Field Trip

8 2 0
                                    

Tak terasa sudah hampir dua bulan juga Milo mengajar di sekolah ini. Sedikit banyak ia sudah mendapatkan ritma dan irama mengajar dan bekerja. Sampai saat ini, memberikan materi sejarah, memberikan tes dan project, sampai menangani beragam masalah murid.

Sampai saatnya untuk sebuah field trip.
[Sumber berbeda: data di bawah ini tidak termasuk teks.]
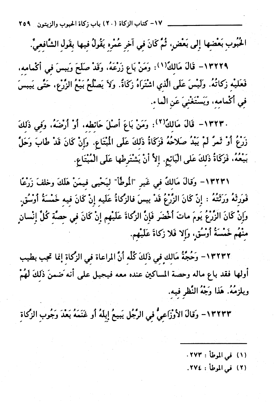 13230 - قَالَ مَالِكٌ: وَمَنْ بَاعَ أَصْلَ حَائِطِهِ، أَوْ أَرْضَهُ، وَفِي ذَلِكَ زَرْعٌ أَوْ ثَمَرٌ لَمْ يَبْدُ صَلَاحُهُ فَزَكَاةُ ذَلِكَ عَلَى الْمُبْتَاعِ. وَإِنْ كَانَ قَدْ طَابَ وَحَلَّ بَيْعُهُ، فَزَكَاةُ ذَلِكَ عَلَى الْبَائِعِ. إِلَّا أَنْ يَشْتَرِطَهَا عَلَى الْمُبْتَاعِ.

Masing-masing guru dipersilahkan untuk menyusun proposal field trip yang akan diajukan kepada sekolah. Beberapa guru berkolaborasi agar dapat bersama-sama pergi ke sebuah tempat dan tentu saja mengurusnya bersama. Membawa pergi murid jelas bukan pekerjaan gampang. Walau pada dasarnya field trip ini juga merupakan ajang murid dan guru berwisata dan bersenang-senang serta healing dari rutinitas pembelajaran dan pengajaran di sekolah, tetap saja field trip sejatinya adalah kegiatan sekolah dan bagian dari aktifitas belajar. Harus ada perencanaan yang matang sehingga kegiatan tersebut akan sukses dilaksanakan.

Milo tidak membuat proposal apapun. Ia merasa masih baru, jadi belum merasa mengenal medan. Lagipula ia belum merasa perlu untuk mengajak murid-muridnya untuk pergi ke suatu tempat untuk mengerjakan project tertentu.

"Bro, aku sedang buat proposal nih. Kamu ikutan ya? Kita 'kan dari social. Masih nyambung lah. Kita nggak usah banyak-banyak bawa murid. Grade 12 aja. Aku udah minta Cindy ikutan juga. Dia yang urus bagian science. Lagian, kita butuh satu guru perempuan, 'kan?" ujar Rian mendadak. Guru geografi itu mendekati meja kerja Milo pada saat ia sedang memeriksa pekerjaan murid-muridnya.

"Mau field trip kemana memangnya?"

"Passpormu masih aktif 'kan?"

Milo mengangguk.

"Kita ke Hong Kong. Pas banget buat geography and history, my man. Aku udah dari dulu pengin kesana. Mumpung ada kesempatan nih. Di history, kaitkan aja dengan pendudukan Inggris dulu. Terus World War II, sama kebijakan Tiongkok. Di geography, rencanaku mau fokus ke bentuk kepulauan kota khusus itu. Bisa juga bentuk pemerintahannya. Nah, pas 'kan?"

"Kita sih oke, bisa diatur, tapi Cindy 'kan guru physics," ujar Milo.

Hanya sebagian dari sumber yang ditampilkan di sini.